The Concept of Ungrund in Jakob Boehme.
INTRODUCTION
This thesis analyses Jakob Boehme's (1575-1624) seminal
concept of Ungrund, an idea which has strongly influenced the
history of science in many ways. Ungrund (according to its use in
Boehme's last major work, the Mysterium Magnum of 1622) can best
be defined as an atopical negation which has the status of a
paradox or negation in the laws of logic. For example, the Greeks
used two terms to describe negation, ouk on and mh on. The first
describes a negation which is absolute; an unspeakable,
unthinkable negation which is totally devoid of any ontological
status altogether. It is in this sense that Boehme used the term
in his late writings. The second term, mh on, denominates a
relative nothingness. This is the familiar "primordial chaos" or
"matrix" posited by many classical writers as that out of which
the natural order is created or, more accurately, out of which it
emanates. Indeed, Boehme deploys Ungrund in his early works to
describe a relative nothingness. However, later in his career he
shifts usages; perhaps under the influence of Scultetus and the
Goerlitz Paracelsian Circle among whom were his friends Tobias
Kober, Abraham Walther (the well-known chemist), and Kurtz (a
prominent physician). To indicate a relative nothingness, in the
1622 Mysterium Magnum and all his works thereafter, he uses
"matrix" or Salitter. When he does use Ungrund in these later
works, he indicates an absolute negation, devoid of ontological
status. In his 1624 Mysterium Magnum, a philosophical/ exegetical
commentary on the Book of Genesis, Boehme is conjoining two
concepts, creatio ex nihilo and creatio ex aliquo. I then examine
Boehme's concept of God Himself becoming out of this Ungrund
through an iterative process which preserves the traditional
dogma of Divine aseity.
Sir Isaac Newton was, in fact, influenced by Jakob Boehme's
concept of Ungrund.

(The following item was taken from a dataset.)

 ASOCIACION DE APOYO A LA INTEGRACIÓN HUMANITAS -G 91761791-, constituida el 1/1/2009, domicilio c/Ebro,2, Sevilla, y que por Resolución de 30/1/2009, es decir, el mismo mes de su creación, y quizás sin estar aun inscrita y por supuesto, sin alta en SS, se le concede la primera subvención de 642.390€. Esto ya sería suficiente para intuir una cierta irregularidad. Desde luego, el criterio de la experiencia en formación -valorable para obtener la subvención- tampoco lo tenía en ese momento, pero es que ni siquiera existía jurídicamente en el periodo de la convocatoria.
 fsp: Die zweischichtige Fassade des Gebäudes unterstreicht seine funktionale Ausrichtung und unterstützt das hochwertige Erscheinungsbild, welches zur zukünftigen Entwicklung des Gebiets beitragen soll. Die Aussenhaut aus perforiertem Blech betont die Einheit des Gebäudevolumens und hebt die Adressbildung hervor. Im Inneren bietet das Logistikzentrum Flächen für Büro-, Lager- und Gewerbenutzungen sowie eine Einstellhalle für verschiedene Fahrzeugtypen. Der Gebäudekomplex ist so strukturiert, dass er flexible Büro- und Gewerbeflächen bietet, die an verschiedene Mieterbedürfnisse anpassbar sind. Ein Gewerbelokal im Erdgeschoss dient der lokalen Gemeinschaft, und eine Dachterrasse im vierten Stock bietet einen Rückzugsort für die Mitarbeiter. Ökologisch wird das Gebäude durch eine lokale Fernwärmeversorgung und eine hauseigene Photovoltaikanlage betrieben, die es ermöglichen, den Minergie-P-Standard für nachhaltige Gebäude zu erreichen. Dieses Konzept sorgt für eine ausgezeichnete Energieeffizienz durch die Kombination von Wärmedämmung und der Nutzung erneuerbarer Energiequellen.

B. J. Gibbons has notes that "there is in
fact a superficial resemblance between Newton's system and
Boehme's: both construct the universe as pervaded by mysterious
forces of attraction and repulsion." She believes that this is a
clear evidence that Boehme influenced Newton but that historians
of science have not taken this seriously. I examine Gibbons'
further suggestion that Newton's "demonstration that white light
can be broken up into a spectrum of colours ... was devised to
test a metaphysical and religious hypothesis rather than a purely
physical one." Newton sought to demonstrate the presence of the
Ungrund with his refracting prism because Ungrund was the central
idea around which the impressive company of Cambridge Platonists
gathered, of which group Newton was a prominent member.